Pour Tennis Canada, organisateur du tournoi, la réalité est bien différente entre les deux événements.

«L’une des raisons qui ont poussé le CIO à prendre cette décision est le fait que les athlètes ne peuvent présentement pas se préparer adéquatement pour les Jeux olympiques à moins de s’exposer à la COVID-19 et d’aller à l’encontre des instructions publiques puisque la plupart des installations sportives sont fermées, a souligné l’organisme unifolié, mardi, dans une communication à ses partenaires, dont fait partie TVA Sports. Dans un contexte où les athlètes se préparent pour cette compétition qui ne se présente qu’une fois tous les quatre ans, cela devient une grande source de stress.»

L’ATP et la WTA, qui chapeautent la Coupe Rogers, ainsi que l’ITF ont récemment annoncé la suspension de leurs activités jusqu’au 7 juin. Ainsi, le tennis professionnel devrait être de retour sur gazon avant un passage en Amérique du Nord sur surface dure.

Toutefois, Tennis Canada affirme «attendre de voir l’évolution au cours des prochaines semaines avant de pouvoir prendre une décision».

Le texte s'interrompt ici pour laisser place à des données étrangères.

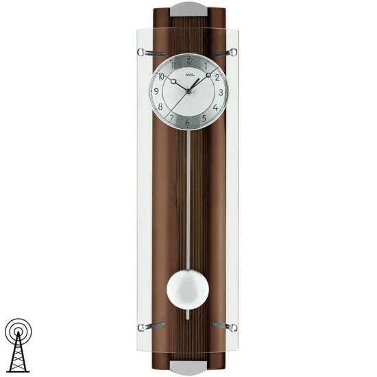 AMS 5259/1 Wanduhr Funk Funkwanduhr mit Pendel Holz nussbaum farben Pendeluhr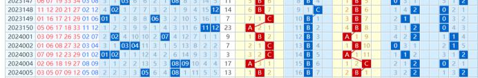 参照上图,上期开出05、08,奇偶开出,近期内,奇偶组合出号和偶奇组合出号占据热度,上期开出奇偶组合,预测正确,参照往期的后区组合搭配来看,本期考虑奇偶组合落重出号可能性较大,主要关注奇偶,小防偶奇再次回补;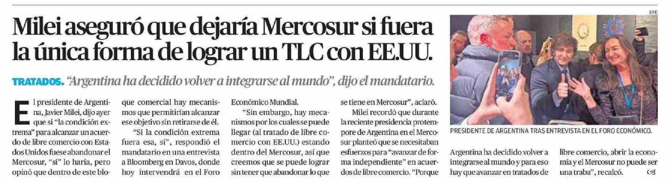 Milei aseguró que dejaría Mercosur si fuera la única forma de lograr un TLC con EEUU. 23-01-2025 El Mercurio de Calama |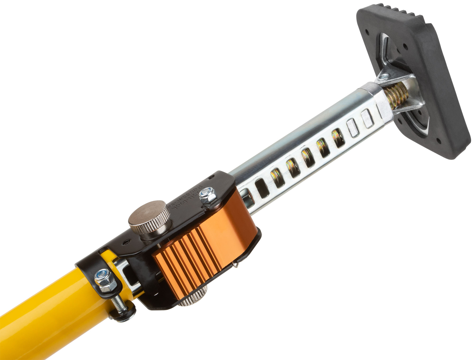 Конструкция оборудована телескопическим штоком, который фиксируется на высоте от 1600 до 2900 мм, обеспечивая гибкость в работе. Специальный механизм надежно удерживает шток, а клавиша с предохранителем предотвращает случайное разблокирование.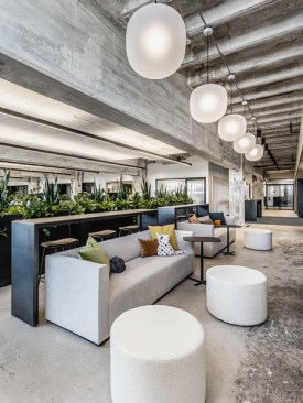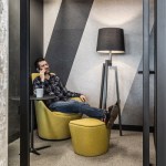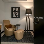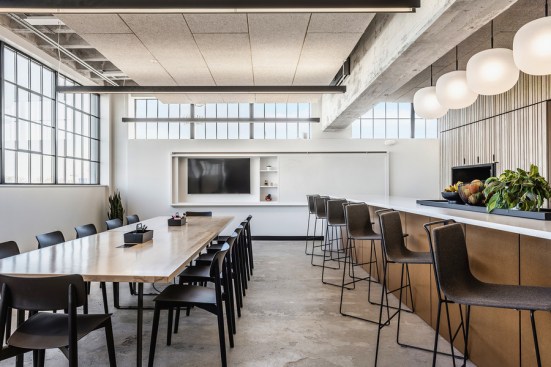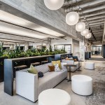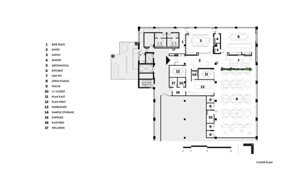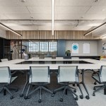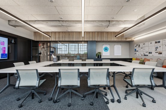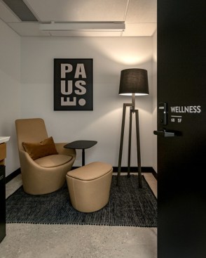 The firm’s commitment to health and wellness extended to the design and materials of their space. Each workspace is positioned to maximize access to natural light. The studio features focus booths, sit-to-stand workstations, and varied work areas, offering a range of postures from lounging to standing. Prioritizing excellent air quality, the design avoids Red List materials, includes a large steel planter wall for biophilic benefits, and uses air quality monitors. A wellness room provides privacy for nursing mothers and others needing a personal retreat.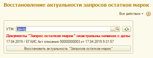 Дата и время должны соответствовать текущему дню. За контроль актуальности остатков отвечает регламентное задание "Восстановление актуальности "Запросов остатков марок" и "Запросов остатков складов".

Si les Jeux olympiques accueillent près de 11 000 athlètes, environ 100 joueurs et joueuses de tennis participeront à la Coupe Rogers de Montréal et Toronto. Pour les JO, c’est de 7 à 8 millions de spectateurs qui se déplaceront alors que pour les tournois de tennis, c’est environ 200 000 pour chaque compétition.

Voilà deux réalités bien différentes.